On the other hand, the prospect of having to read 667 scientific papers and 100,000 self-help books scares me off mindfulness. Perhaps I should just start by keeping a pencil and paper nearby and writing things down straight away. Maybe I should suffer the shock of having my house burn down and relying on some dolt to pass on my message requesting help. I’d teach him some mindfulness quickly.
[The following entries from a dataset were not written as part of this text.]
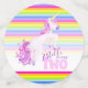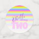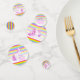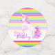 confetti de table de 2e anniversaire, avec un joli tableau d'aquarelle de licorne blanc et des bandes colorées arc-en-ciel. Personnalisez avec votre propre nom de fille d'anniversaire, dit actuellement, Estelle a deux ans. Dessin unique, aquarelle peinture art et graphisme par Sarah Trett www.sarahtrett.com pour www.mylittleeden.com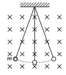 ,錘擺為絕緣體,質量為 m,且均勻帶有正電荷 q, 在一均勻在水平磁場 B 中做小角度的擺動,磁場方向與單擺的運動面互相垂直(如右圖)。設重力加速度為 g,若擺鍾通過最低點時速率為 v,當擺錘由右向左通過最低點時,擺線張力為 T,而由左向右通過最低點時,擺線張力為 T',則 T–T' =?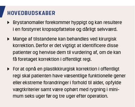 Formålet med denne artikel er at gennemgå de hyppigst forekommende brystanomalier og behandlingsmuligheder, således at disse patienter bedst muligt kan identificeres og henvises til vurdering af mulighed for korrektion i offentlig regi.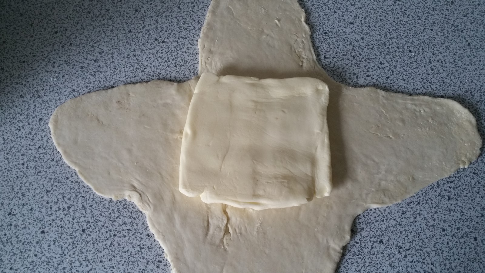 7. In het midden van deze bloem leg je nu de boter en je slaat de vier uiteinden over de plak boter heen.

Some readers seem intent on nullifying the authority of David Simmonds. The critics are so intense; Simmonds is cast as more scoundrel than scamp. He is, in fact, a Canadian writer of much wit and wisdom. Simmonds writes strong prose, not infrequently laced with savage humour. He dissects, in a cheeky way, what some think sacrosanct. His wit refuses to allow the absurdities of life to move along, nicely, without comment. What Simmonds writes frightens some readers. He doesn't court the ineffectual. Those he scares off are the same ones that will not understand his writing. Satire is not for sissies. The wit of David Simmonds skewers societal vanities, the self-important and their follies as well as the madness of tyrants. He never targets the outcasts or the marginalised; when he goes for a jugular, its blood is blue. David Simmonds, by nurture, is a lawyer. By nature, he is a perceptive writer, with a gimlet eye, a superb folk singer, lyricist and composer. He believes quirkiness is universal; this is his focus and the base of his creativity. "If my humour hurts," says Simmonds,"it's after the stiletto comes out." He's an urban satirist on par with Pete Hamill and Mike Barnacle; the late Jimmy Breslin and Mike Rokyo and, increasingly, Dorothy Parker. He writes from and often about the village of Wellington, Ontario. Simmonds also writes for the Wellington "Times," in Wellington, Ontario.